Master DataFrameMaster Dataframe

DataFrame1DataFrame1

DataFrame2DataFrame2

  • 1
    Ideally I would like to export the results of the loop to single csv, where CAS and Value align with the master dataframe. Any help is appreciated! – Chris Kubicki Aug 02 '20 at 17:24
  • 1
    Try the [chain merge](https://stackoverflow.com/a/40568957/1422451) after combining all dfs including master into a list setting `CAS` as index on each: `pd.concat([df.set_index('CAS', drop=True) for df in [master] + dataframes], axis=1)` – Parfait Aug 02 '20 at 17:49
  • You should be working in a list of data frames instead of separate objects flooding global environment.

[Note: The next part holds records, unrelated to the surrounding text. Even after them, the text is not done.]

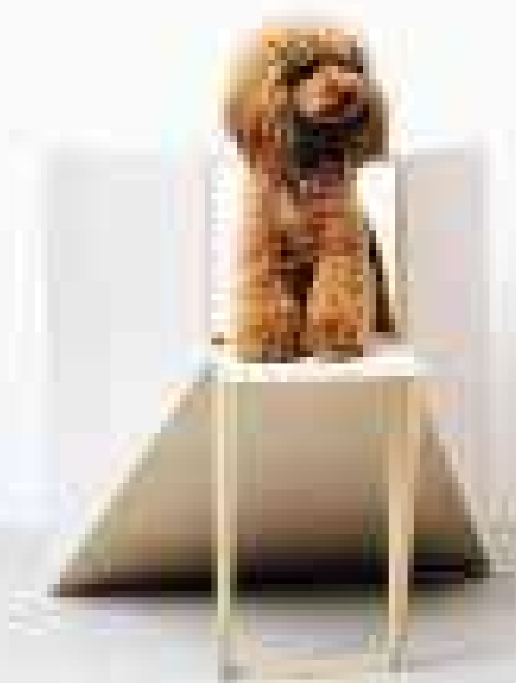
01-02. 设计师原研哉和 D 形隧道，他本人设计的一款胶合板装置，为茶杯贵宾犬 (Teacup Poodle) 设计。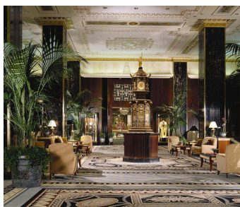
NEW YORK THE WALDORF ASTORIA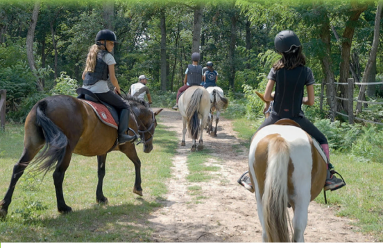
Aire de repos - Ignol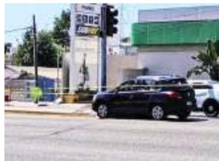
PLAYAS DE ROSARITO.- Sin vida terminó un ex oficial al ser víctima de una persecución y balacera sobre el bulevar Benito Juárez.

Al momento se realiza un intenso y amplio operativo para localizar a los presuntos responsables. (scg)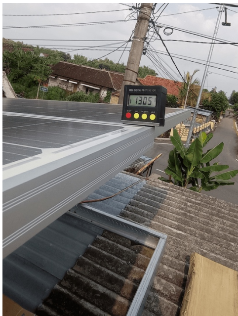
Gambar 2. Pemasangan modul photovoltaic monocrystalline 3x100Wp

Pelatihan pemasangan rooftop solar photovoltaic dilaksanakan pada tanggal 27 November 2021. Rooftop solar photovoltaic yang dipasang di UMKM menggunakan modul photovoltaic monocrystalline dengan kapasitas 3x100Wp. Sistem ini dilengkapi dengan baterai tipe VRLA sebesar 2x100Ah yang digunakan sebagai penyimpanan energi listrik. Sehingga sumber energi listrik yang dihasilkan oleh PLTS dapat digunakan untuk mensuplai beban pada saat malam hari.

Show how you define the 50 separate data frames. – Parfait Aug 02 '20 at 22:52
  • I don't know your complete DataFrame specifications. What columns do they contain? What columns do you want in the DataFrame to be return? It's alright to supply images for your DataFrame structure for clarification, but your data also needs to be supplied in Python code. See [How do I ask a good question?](https://stackoverflow.com/help/how-to-ask). – Jakub Aug 03 '20 at 02:08

2 Answers2

1

Solution 1:
Use if 'value' column only in df1 and df2, but not df_master.

dfcon = pd.concat([df1, df2])
df = pd.merge(df_master, dfcon, how='left', on='CAS')

Solution 2:
Use if 'value' column is also in df_master.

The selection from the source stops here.